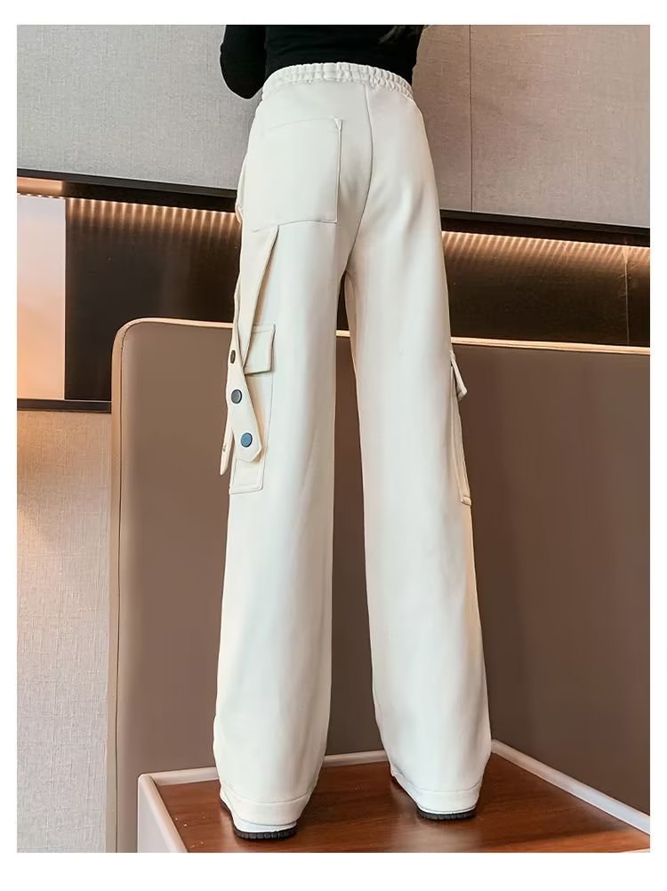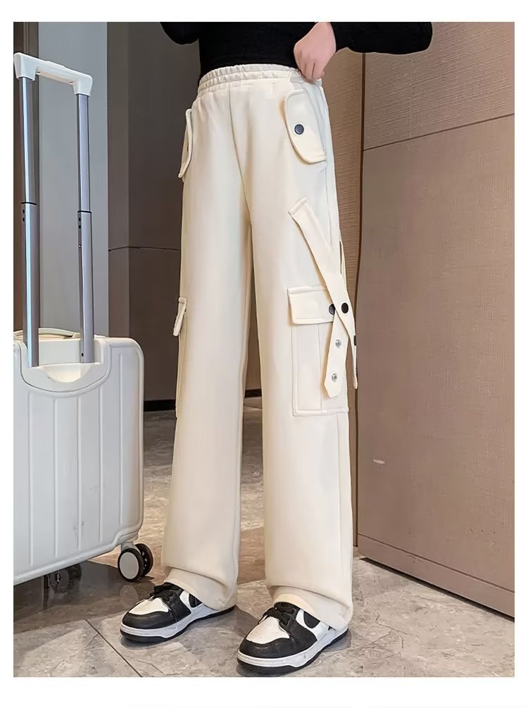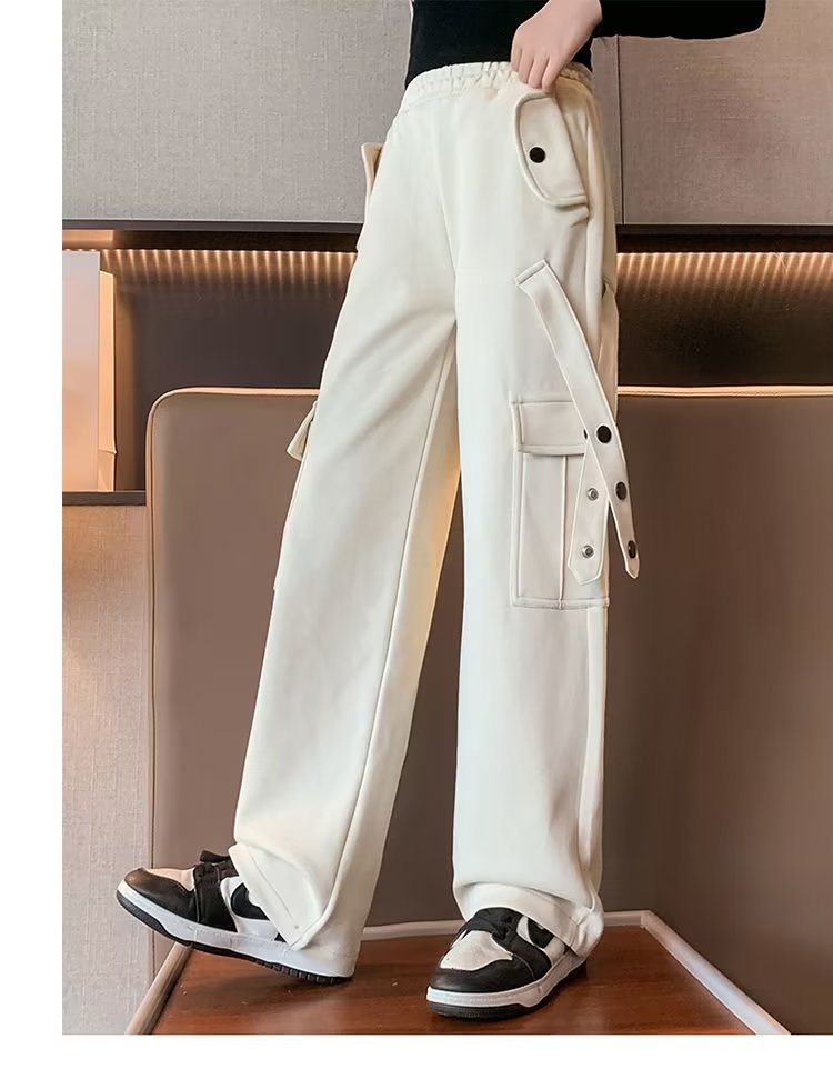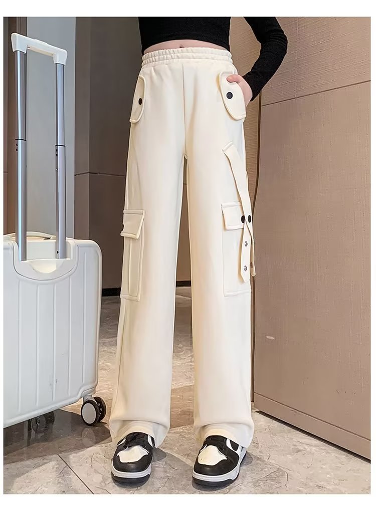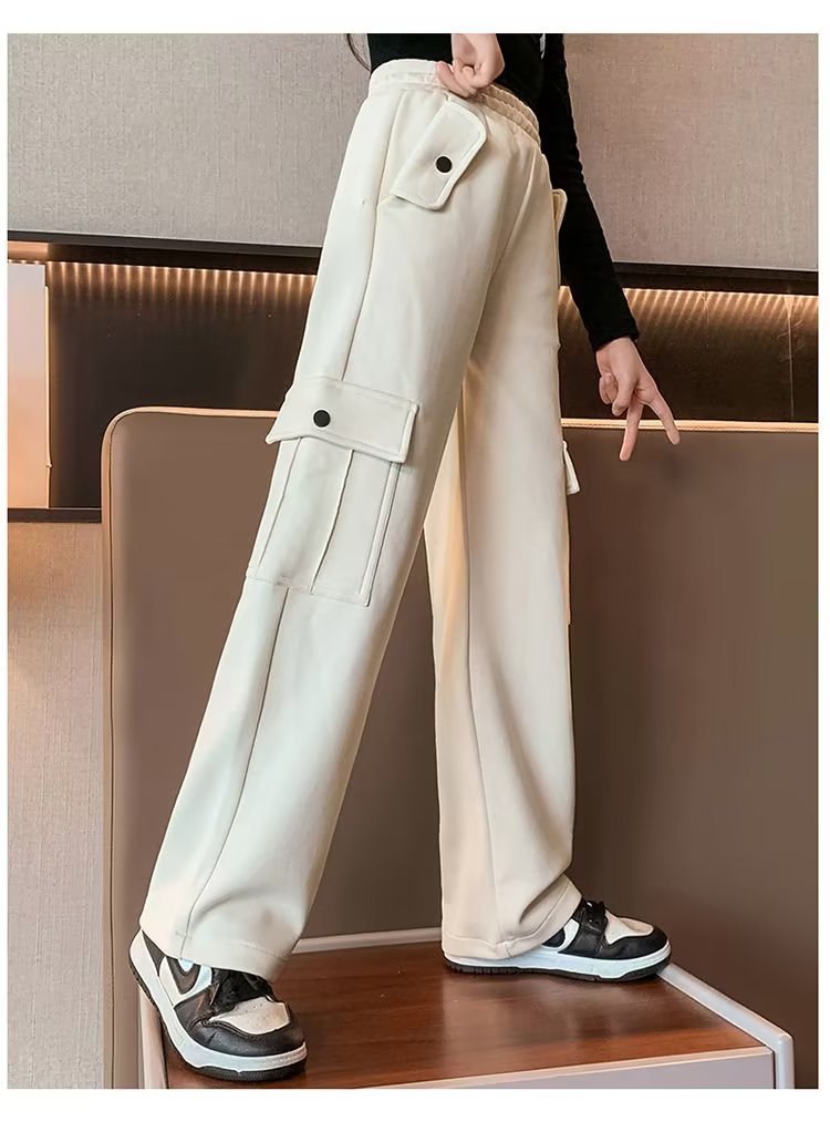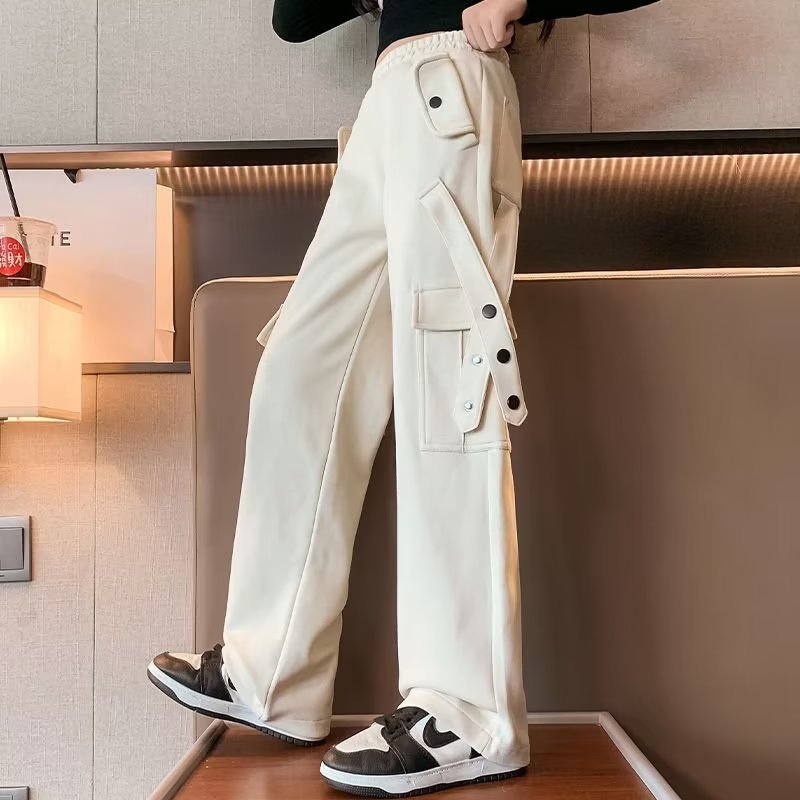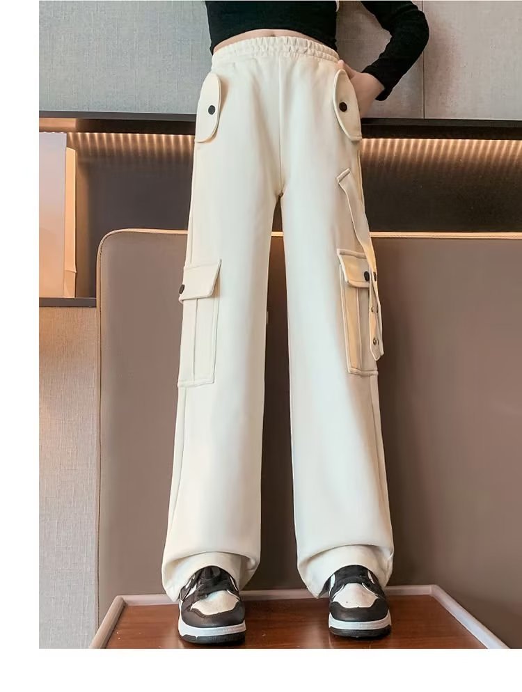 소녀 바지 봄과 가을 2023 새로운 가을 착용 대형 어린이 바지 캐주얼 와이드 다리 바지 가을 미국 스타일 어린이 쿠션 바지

==

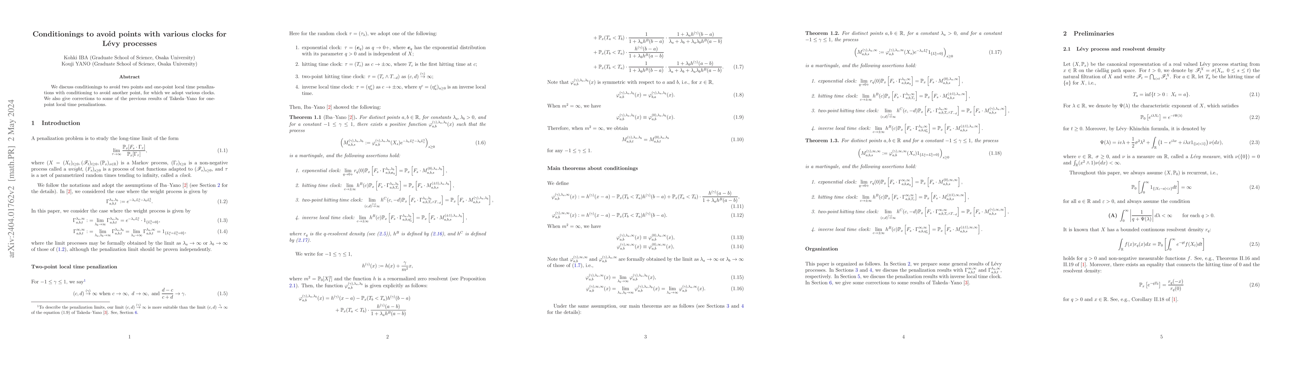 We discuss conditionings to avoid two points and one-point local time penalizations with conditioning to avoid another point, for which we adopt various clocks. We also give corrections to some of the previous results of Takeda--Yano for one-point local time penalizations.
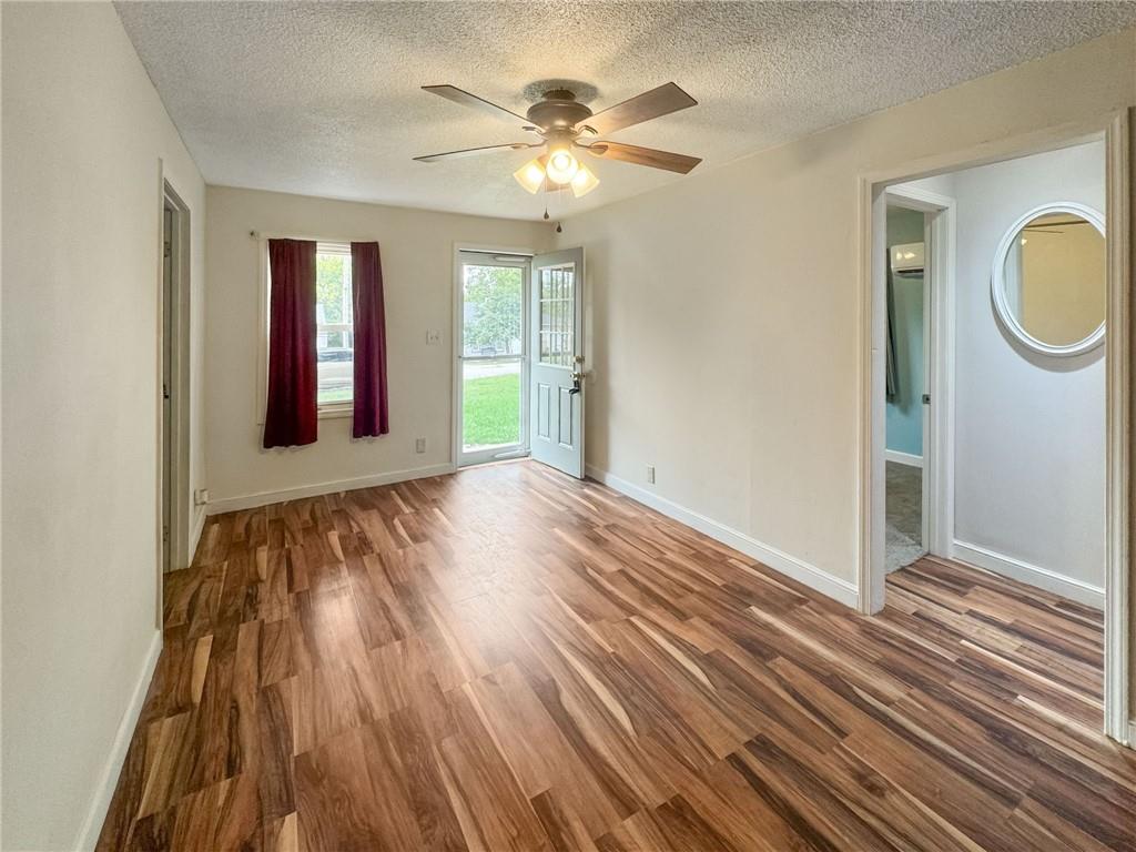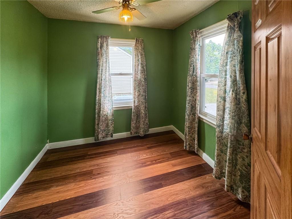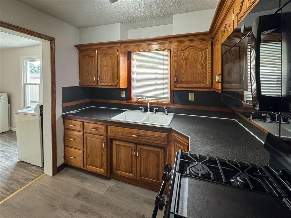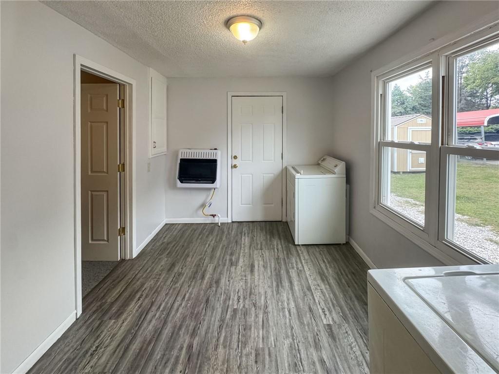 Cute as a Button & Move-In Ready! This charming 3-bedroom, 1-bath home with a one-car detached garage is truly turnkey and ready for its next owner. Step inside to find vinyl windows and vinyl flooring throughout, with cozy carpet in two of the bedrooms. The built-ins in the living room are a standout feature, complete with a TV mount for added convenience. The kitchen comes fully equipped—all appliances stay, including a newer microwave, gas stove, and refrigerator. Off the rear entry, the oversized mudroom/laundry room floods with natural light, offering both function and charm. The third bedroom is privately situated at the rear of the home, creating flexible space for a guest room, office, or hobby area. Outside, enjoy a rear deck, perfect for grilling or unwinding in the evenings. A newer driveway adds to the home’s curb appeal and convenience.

---

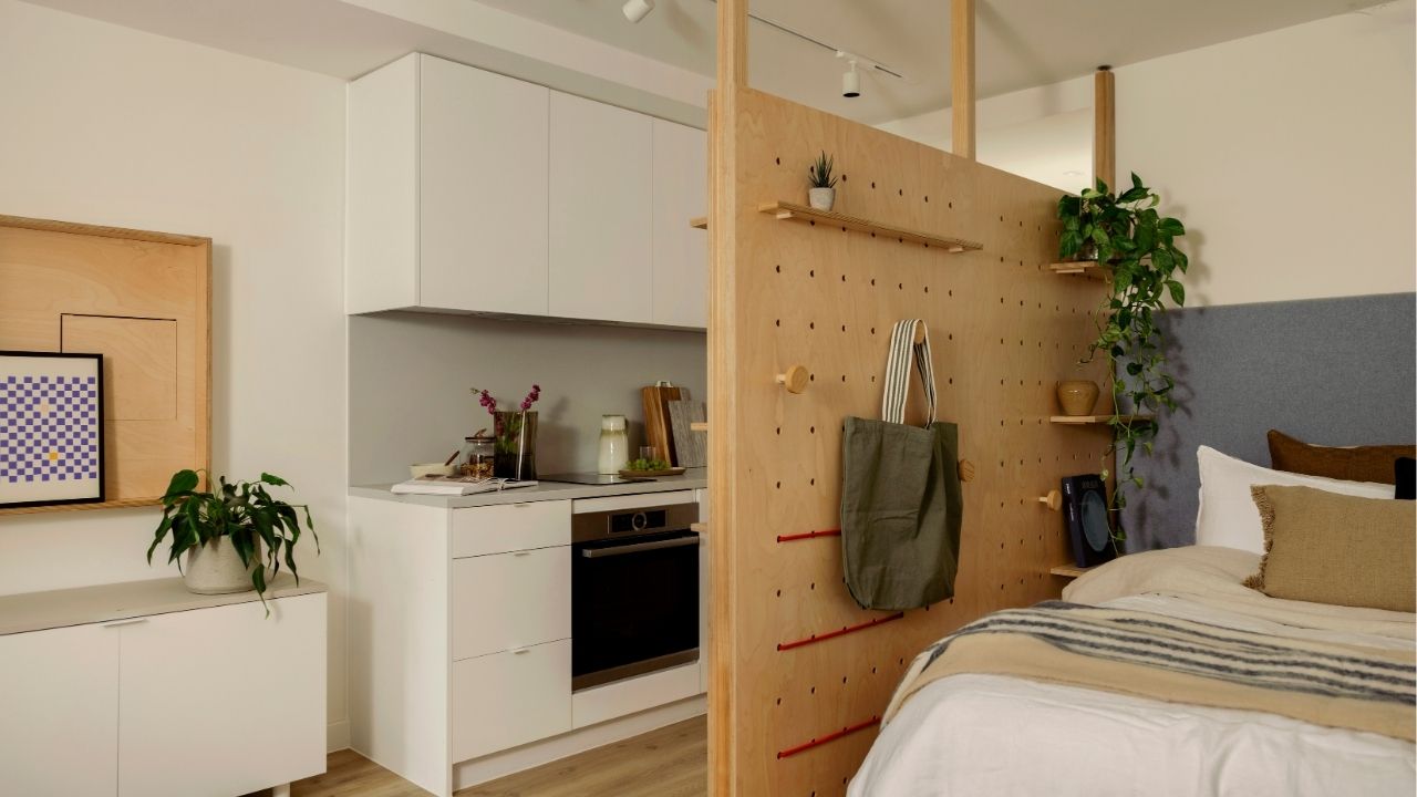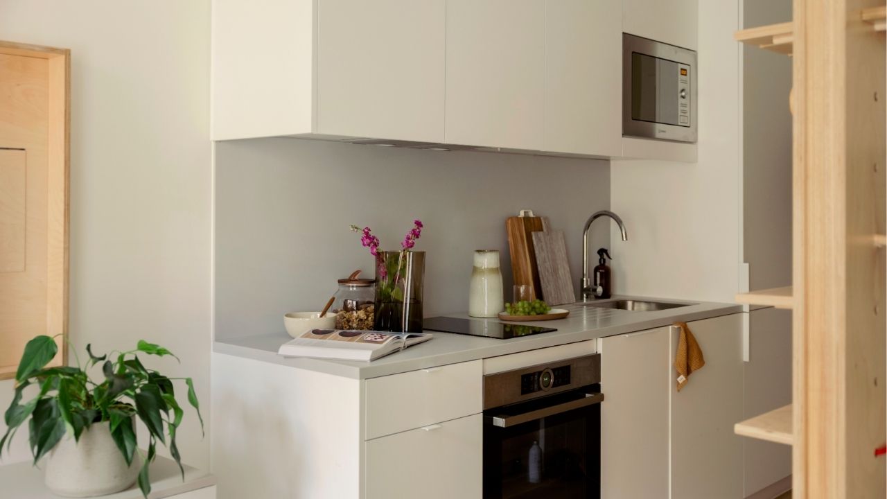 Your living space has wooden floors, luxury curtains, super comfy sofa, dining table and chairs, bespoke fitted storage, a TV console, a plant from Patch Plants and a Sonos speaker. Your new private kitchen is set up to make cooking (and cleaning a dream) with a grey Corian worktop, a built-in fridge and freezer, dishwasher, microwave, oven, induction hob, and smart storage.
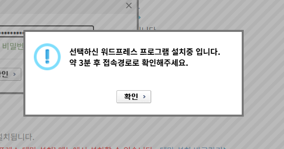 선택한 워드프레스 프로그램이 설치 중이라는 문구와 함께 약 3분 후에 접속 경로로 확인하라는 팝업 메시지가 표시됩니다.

ABOUT THIS TASK
Copy the lines above between the one holding "Your living space" and the one holding "선택한 워드프레스 프로그램이", inclusive. Drop the pictures.

ANSWER BOX
 Your living space has wooden floors, luxury curtains, super comfy sofa, dining table and chairs, bespoke fitted storage, a TV console, a plant from Patch Plants and a Sonos speaker. Your new private kitchen is set up to make cooking (and cleaning a dream) with a grey Corian worktop, a built-in fridge and freezer, dishwasher, microwave, oven, induction hob, and smart storage.
 선택한 워드프레스 프로그램이 설치 중이라는 문구와 함께 약 3분 후에 접속 경로로 확인하라는 팝업 메시지가 표시됩니다.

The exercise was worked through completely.